** Opening DATA LISTING block **
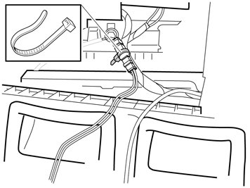 - Route the cable excess back to the rear edge of the dashboard where the cable was previously routed.
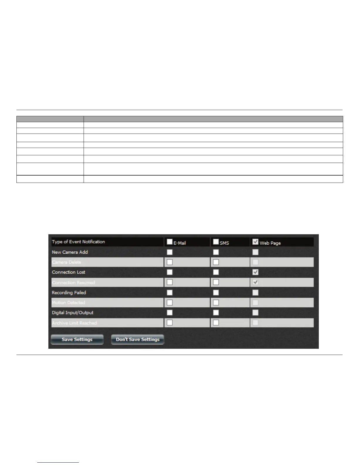 These settings are activated by using the Email, SMS, or Web Page
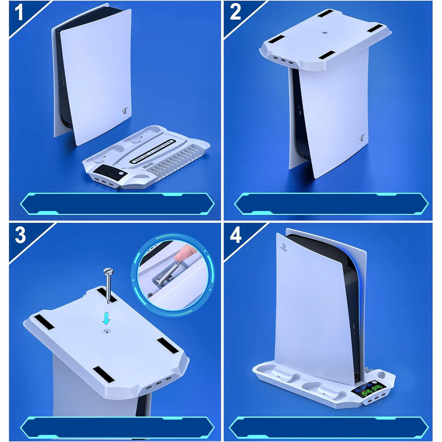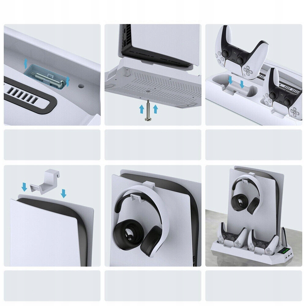 ✔ ✔ Остання станція охолодження для PS5 Консоль】 Високошвидкісний вентилятор PS5 має 3 регульовані передачі: міцні/середні/нормальні. Аксесуари PlayStation 5 PS5 вентилятор витягує гаряче повітря з нижньої консолі і ефективно відволікає тепло праворуч, завдяки якому вентилятор PS5 охолоджує консоль PS5 та покращує досвід гри. Вам більше не потрібно турбуватися про перегрівання консолі, коли ви граєте цілий день і ніч! Станція охолодження PS5 максимізує життя ігрової консолі. Набір навушників тощо для зарядки. Завдяки тонкому та впорядкованому дизайну, зарядна станція PS5 економить багато місця для організації всіх аксесуарів PS5, таких як консоль, 2 контролери DualSense, набір навушників та PlayStation Media Remote. Необхідний організатор PS5! Світлодіодні індикатори чітко показують зарядку. Червоний: зарядка; Зелений: Повний заряд. Підставка для контролера PS5 може працювати на консолі PS5 або швидкого джерела живлення 5В/2А, пропонуючи більший вибір методів зарядки! Поради: Підставка для охолодження PS5 автоматично відрізає живлення після повного заряду для захисту пристроїв. Тип клавіш типу C Тип C Для ефективного запобігання втрат, все, що вам потрібно зробити, - це вставити порт зарядки зарядки, а контролер легко відпочиває на зарядній станції контролера PlayStation 5 і негайно почне заряджати зарядку. Консоль PS5 можна легко підключити до док -станції PS5. Просто поверніть консоль PS5 догори ногами, щоб заблокувати гвинт у консолі PS5, збільшуючи стабільність та захищаючи його від аварії чи пошкодження.
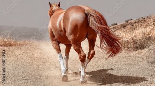 Majestic Brown Horse Running on Dusty Path Through Rural Landscape Under Warm Evening Light
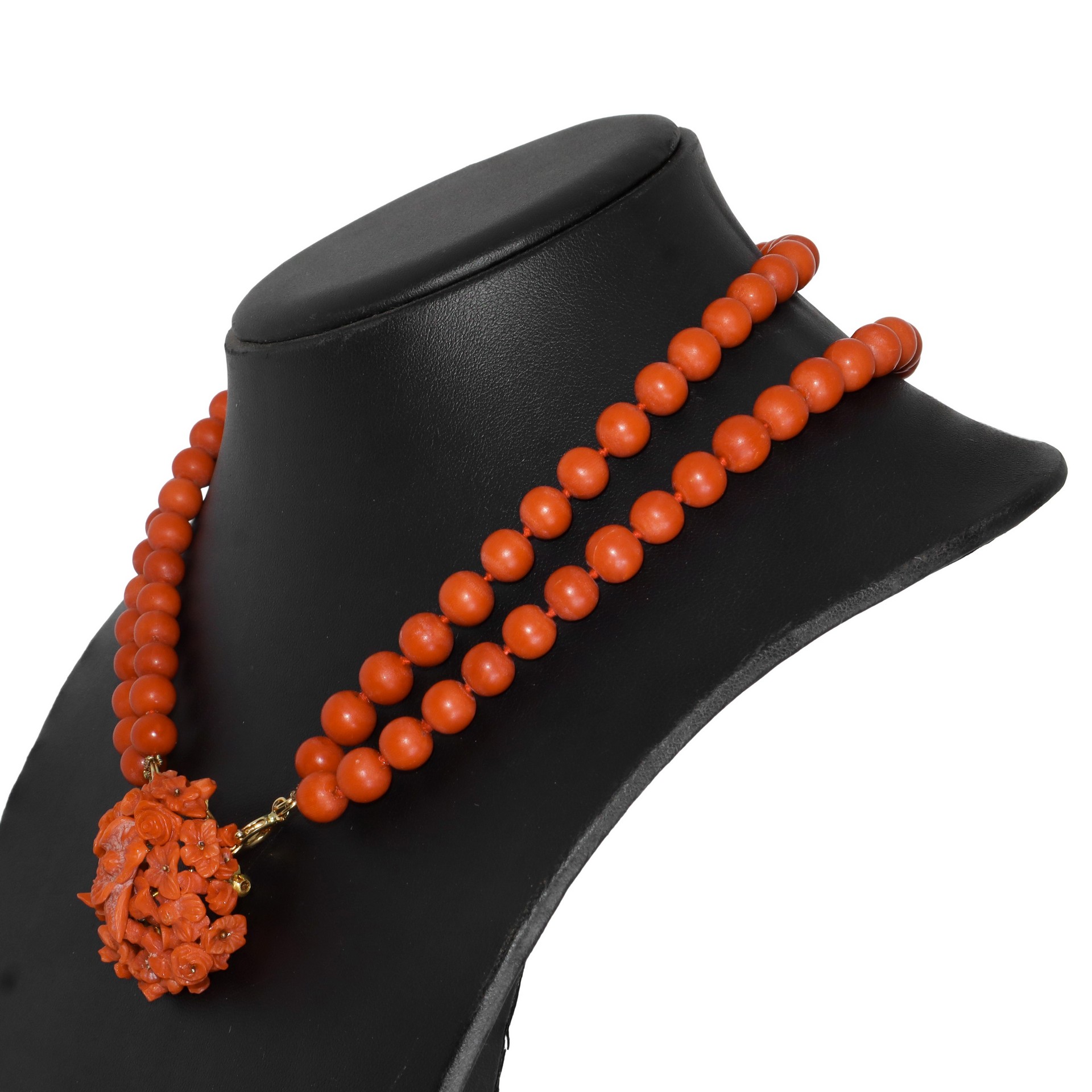 Lotto 168 | Collana a 2 fili di corallo Sardegna prima scelta e oro 750 con spilla centrale a fiori (separabile)
** Closing DATA LISTING block **
§ EXERCISE REQUIREMENTS:
In the copy, keep every line of the data above exactly and drop each picture.

§ SOLUTION TO THE EXERCISE:
 - Route the cable excess back to the rear edge of the dashboard where the cable was previously routed.
 These settings are activated by using the Email, SMS, or Web Page
 ✔ ✔ Остання станція охолодження для PS5 Консоль】 Високошвидкісний вентилятор PS5 має 3 регульовані передачі: міцні/середні/нормальні. Аксесуари PlayStation 5 PS5 вентилятор витягує гаряче повітря з нижньої консолі і ефективно відволікає тепло праворуч, завдяки якому вентилятор PS5 охолоджує консоль PS5 та покращує досвід гри. Вам більше не потрібно турбуватися про перегрівання консолі, коли ви граєте цілий день і ніч! Станція охолодження PS5 максимізує життя ігрової консолі. Набір навушників тощо для зарядки. Завдяки тонкому та впорядкованому дизайну, зарядна станція PS5 економить багато місця для організації всіх аксесуарів PS5, таких як консоль, 2 контролери DualSense, набір навушників та PlayStation Media Remote. Необхідний організатор PS5! Світлодіодні індикатори чітко показують зарядку. Червоний: зарядка; Зелений: Повний заряд. Підставка для контролера PS5 може працювати на консолі PS5 або швидкого джерела живлення 5В/2А, пропонуючи більший вибір методів зарядки! Поради: Підставка для охолодження PS5 автоматично відрізає живлення після повного заряду для захисту пристроїв. Тип клавіш типу C Тип C Для ефективного запобігання втрат, все, що вам потрібно зробити, - це вставити порт зарядки зарядки, а контролер легко відпочиває на зарядній станції контролера PlayStation 5 і негайно почне заряджати зарядку. Консоль PS5 можна легко підключити до док -станції PS5. Просто поверніть консоль PS5 догори ногами, щоб заблокувати гвинт у консолі PS5, збільшуючи стабільність та захищаючи його від аварії чи пошкодження.
 Majestic Brown Horse Running on Dusty Path Through Rural Landscape Under Warm Evening Light
 Lotto 168 | Collana a 2 fili di corallo Sardegna prima scelta e oro 750 con spilla centrale a fiori (separabile)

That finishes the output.